Adv Jenkins said that the Bill did have provision for monthly and annual reports and the reporting function was set out. In regard to the process, he said that the administration must draft the budget, and present it to the Executive Authority, who would table it and refer it to a Joint Committee. That Joint Committee would report on it and the houses would then have to adopt the budget.
Mr Nene said that the brief to Adv Jenkins had been simply to clean up the referencing to the PFMA, which he had done. The process was to be re-opened, and NT would be making a submission on Friday. Only after that could the Committees decide how to take the process forward. The previous process had been suspended for the NCOP to deal with the Bill, after this Committee had gone through clause by clause, and reached the point where it was about to adopt the Bill. That process had been re-opened, and perhaps, now that the Bill had been cleaned up, more input would be given. The Bill had been available, and should the FFC or others wish to comment, then it would be accepted. He suggested that the detailed answers to questions could stand over until after the National Treasury submission.
Mr Singh supported this.

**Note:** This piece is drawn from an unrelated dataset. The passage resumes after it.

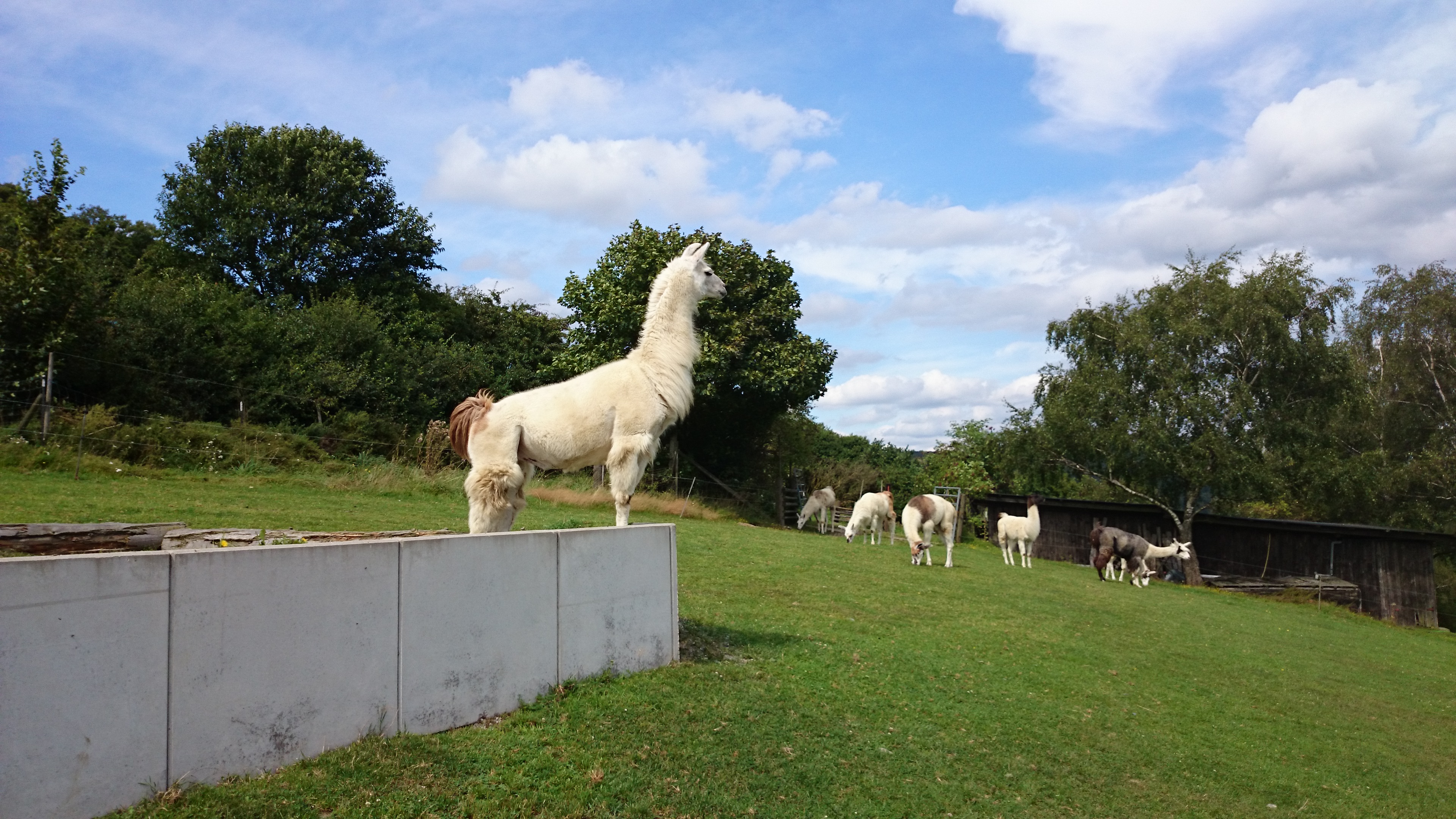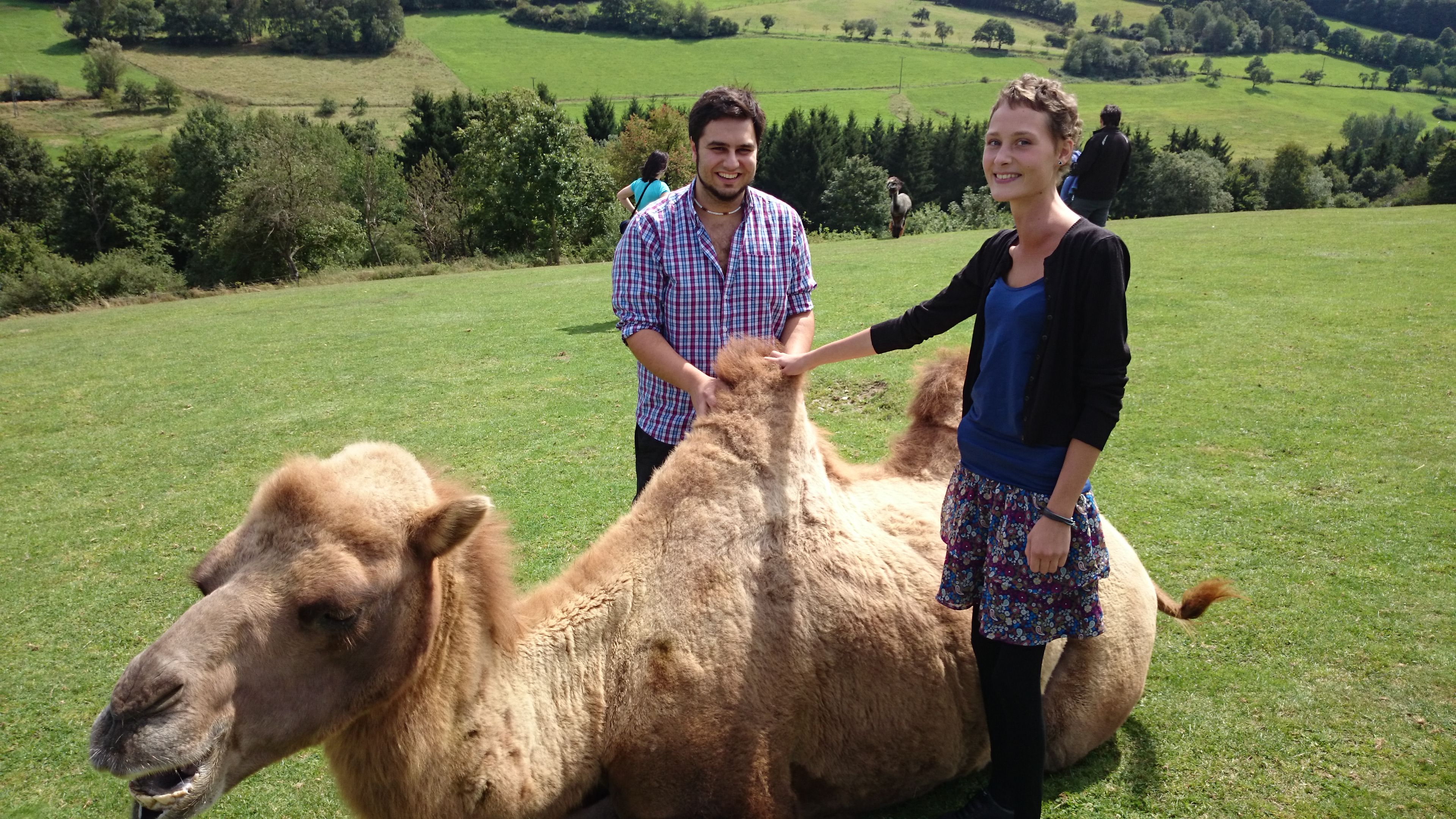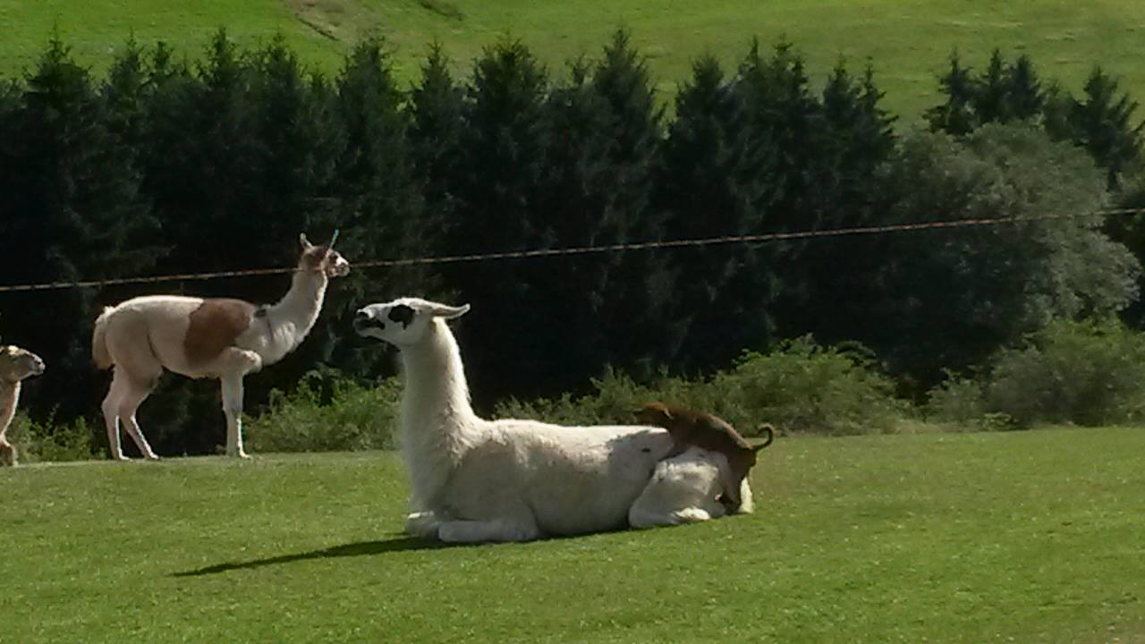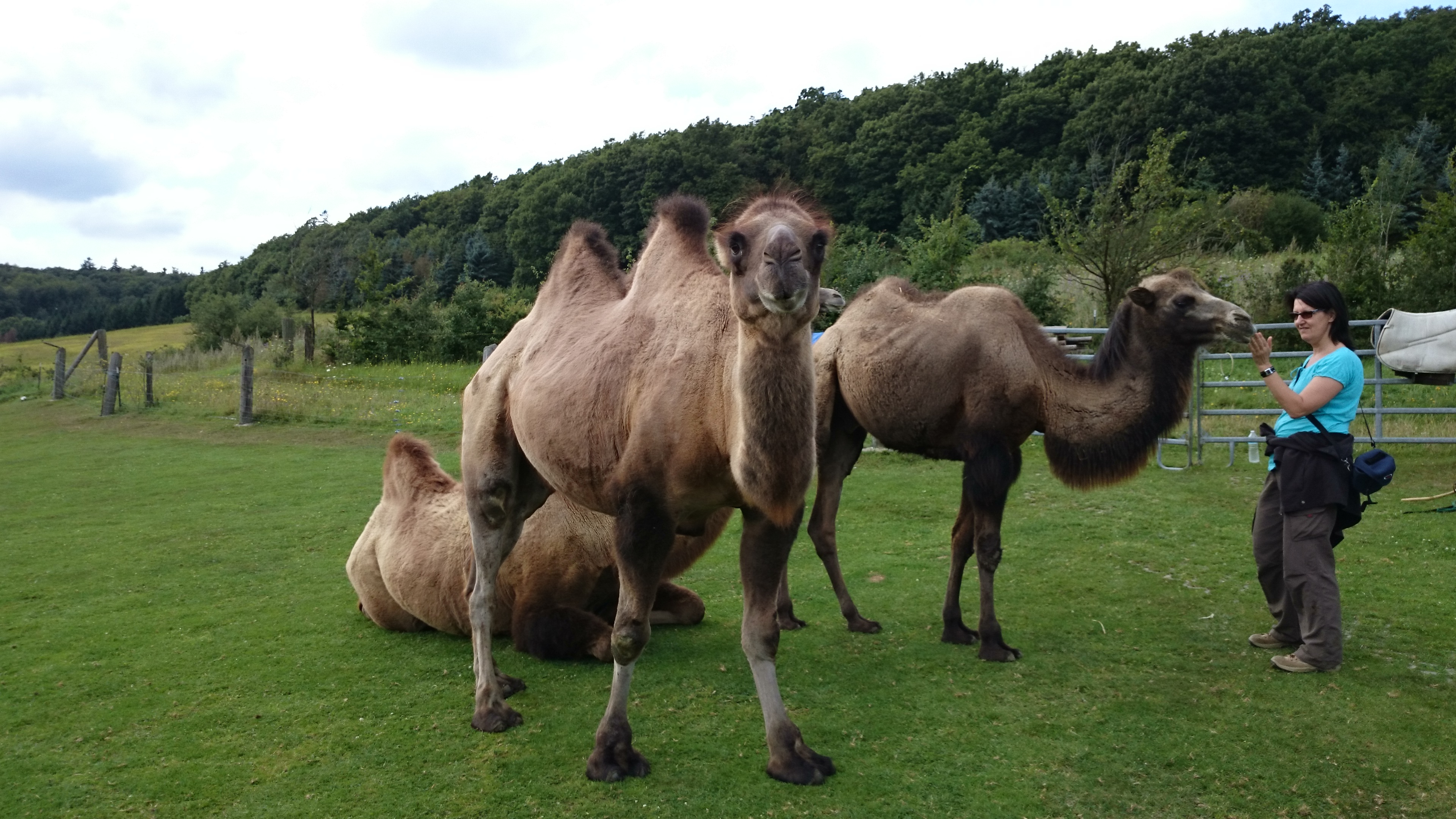 Als wir also fröhlich durch den Taunus fuhren, sahen wir von weitem merkwürdige Tiere…es sah fast so aus, als könnten es Kamele und Lamas sein…natürlich! Im Taunus! Wo waren die Karawanen und Aladdin?

The intention of the PFMA was to ensure good financial management, and he thought, personally, that there was no objection to having the PFMA apply to any body.
Ms L Mabe (Chairperson, Joint Budget Committee) said that she was strongly in favour of separation of powers, and would not be comfortable that Parliament must subscribe to PFMA. She appreciated the clarification on the process. The provinces could not be left out in the cold and there must be consultation. She asked to whom the audit committee would be accountable and noted that this must be clarified.
Adv Jenkins gave a broad response to the issues raised. The issue of provincial legislatures had been discussed by the legal advisors. The Constitution said that a bill with "any provision" that affected the financial interests of provinces must be a Section 76 Bill, and that would include, to his mind, the norms and standards. The alternative would be to have a Section 75 bill to provide only for Parliament, and then have a separate Section 76 Bill applicable to the provinces, with the two to be combined later. This was similar to what had been done with the PFMA.
Adv Jenkins said that the oversight mechanisms created would need to be considered. The Committee on Public Accounts was a National Assembly committee - and the question was whether NCOP approved that the audit reports go through this Committee, or whether they wished to consider them also in the NCOP.
The questions of the format of accounts and whether this would infringe of separation of powers were academic questions, although it was possible that what the format could prescribe – such as a requirement for audit – could be an infringement.
It was in the nature of parliament that the Executive Authority would be subjective. A Government department, in order to receive money, required approval from National Treasury. Parliament doubled up as the Treasury of itself. However, Parliament consisted of multiple parties, and this gave the opportunity for questioning, raising matters and speaking to the media. If Parliament abused its power the five year election cycle was the ultimate power of the public.
The open part of the meeting was adjourned.